◆ EXERCISE DESCRIPTION:
Would you return the data below exactly as it stands, with every picture left out?

GIVEN MATERIAL Block Start

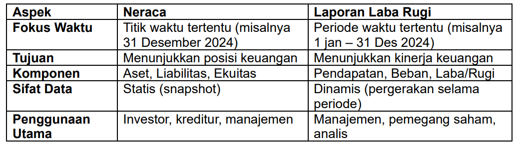 3. Perbedaan Utama Neraca dan Laporan Laba Rugi
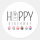 Pegatina Redonda Colorida casa de pasteles Felices Cumpleaños Realt
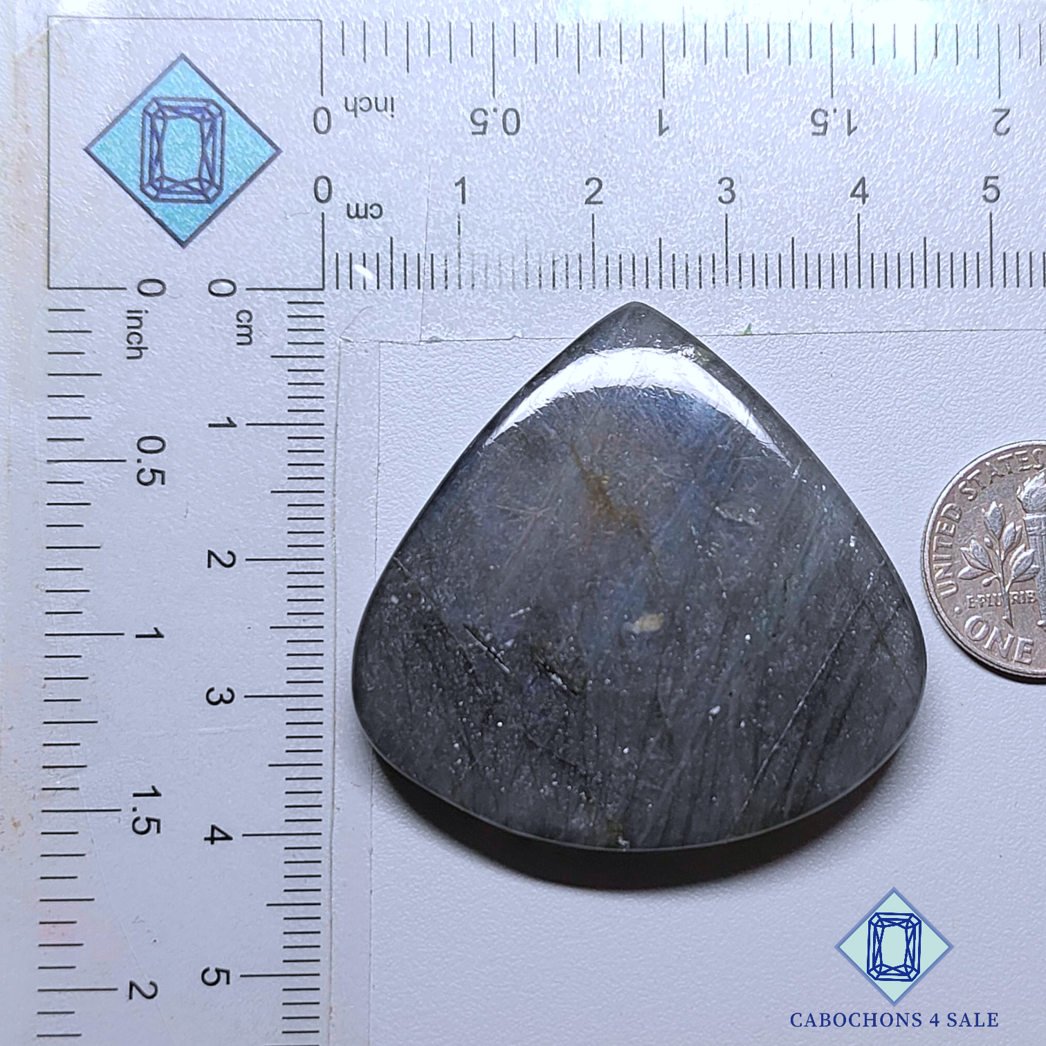Deslice las imágenes para ver la piedra con la tabla de dimensiones. Esta es una gema de labradorita multicolor. El producto es natural, de forma pera y translúcida. La gema de labradorita multicolor tiene un tamaño de 40 x 41 x 7 mm. La claridad de esta pieza es translúcida. El producto está disponible exactamente como se muestra en la imagen: 1 pieza de cabujones de labradorita multicolor en forma de pera, certificada por el precio indicado anteriormente.

GIVEN MATERIAL Block End

◆ YOUR RESPONSE:
 3. Perbedaan Utama Neraca dan Laporan Laba Rugi
 Pegatina Redonda Colorida casa de pasteles Felices Cumpleaños Realt
Deslice las imágenes para ver la piedra con la tabla de dimensiones. Esta es una gema de labradorita multicolor. El producto es natural, de forma pera y translúcida. La gema de labradorita multicolor tiene un tamaño de 40 x 41 x 7 mm. La claridad de esta pieza es translúcida. El producto está disponible exactamente como se muestra en la imagen: 1 pieza de cabujones de labradorita multicolor en forma de pera, certificada por el precio indicado anteriormente.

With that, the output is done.